Please restate every entry exactly. Leave out the pictures.

--- DATA FOR THE TASK Enclosed Below ---

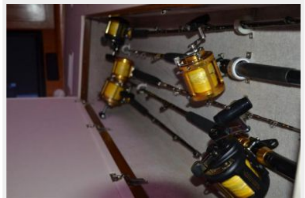
58 Davis Overhead Rod Storage 1
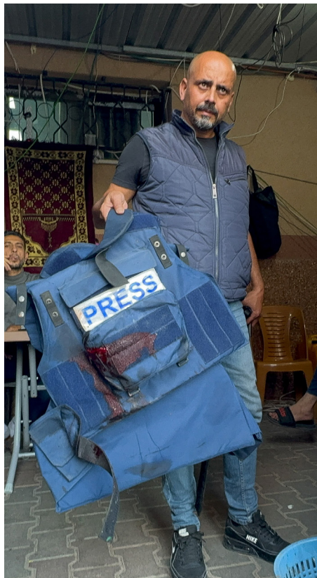
Bloody press vest of a Gaza journalist murdered by the Israel Defense Forces (IDF)

Lastly, as to news articles about the genocide in Gaza: We make a promise to our readers that if we reprint news articles from outlets such as the Associated Press, we will
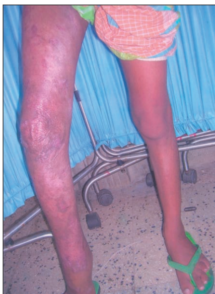
Fig.-5: Lesion of the foot after 3 month treatment with anti TB drugs.

regimen this patient will receive some form of reconstructive surgery to relieve his wound contracture.
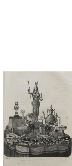
Exhibition of the goldsmith Baugrand, "The Wonders of the World's Fair", press illustration, 1867.

The World's Fair of 1867 took place during a period of social and labour struggle. Taking place during a period of contestation in the working world, this exhibition is considered preponderant for three reasons. Firstly it is considered a great retrospective of the history of work. Secondly it was an exhibition that featured products hoping to improve both the physical and moral conditions of the population at the time. Finally it was an exhibition that saw the arrival of labour delegations at the expense of the state. These connections were incorporated in the founding texts of the French trade unionism, and some were enforced in legislation. In a sort of utopia, the state attempted to portray the Universal Exhibition as guarantor of the worker's well-being in social harmony. The nationalist hyperbole of the preceding Universal Exhibitions thus replaced the worry of dispute among the workforce. This reversal of values was a means of appeasing the anger and revolt deep within, which unfolded, the year after, in the Revolution of 1868 .
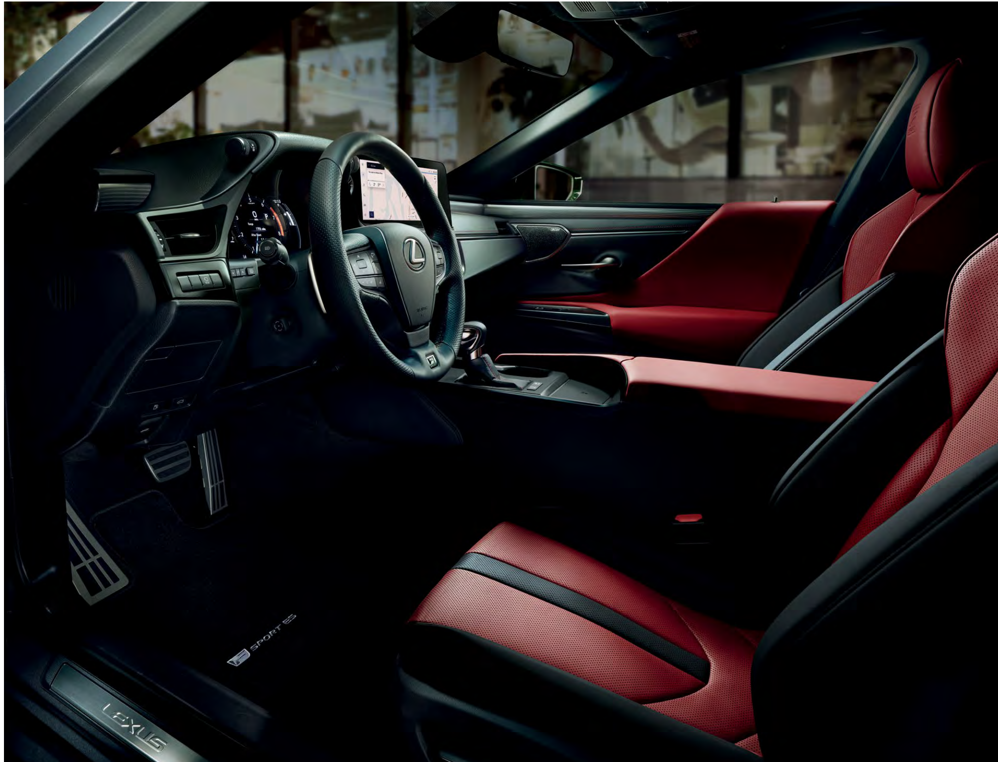
ES F SPORT Handling shown with Circuit Red NuLuxe® and Hadori Aluminum interior trim

--- End of Enclosed DATA FOR THE TASK ---

▸ **ANSWER TO THE EXERCISE**
58 Davis Overhead Rod Storage 1
Bloody press vest of a Gaza journalist murdered by the Israel Defense Forces (IDF)

Lastly, as to news articles about the genocide in Gaza: We make a promise to our readers that if we reprint news articles from outlets such as the Associated Press, we will
Fig.-5: Lesion of the foot after 3 month treatment with anti TB drugs.

regimen this patient will receive some form of reconstructive surgery to relieve his wound contracture.
Exhibition of the goldsmith Baugrand, "The Wonders of the World's Fair", press illustration, 1867.

The World's Fair of 1867 took place during a period of social and labour struggle. Taking place during a period of contestation in the working world, this exhibition is considered preponderant for three reasons. Firstly it is considered a great retrospective of the history of work. Secondly it was an exhibition that featured products hoping to improve both the physical and moral conditions of the population at the time. Finally it was an exhibition that saw the arrival of labour delegations at the expense of the state. These connections were incorporated in the founding texts of the French trade unionism, and some were enforced in legislation. In a sort of utopia, the state attempted to portray the Universal Exhibition as guarantor of the worker's well-being in social harmony. The nationalist hyperbole of the preceding Universal Exhibitions thus replaced the worry of dispute among the workforce. This reversal of values was a means of appeasing the anger and revolt deep within, which unfolded, the year after, in the Revolution of 1868 .
ES F SPORT Handling shown with Circuit Red NuLuxe® and Hadori Aluminum interior trim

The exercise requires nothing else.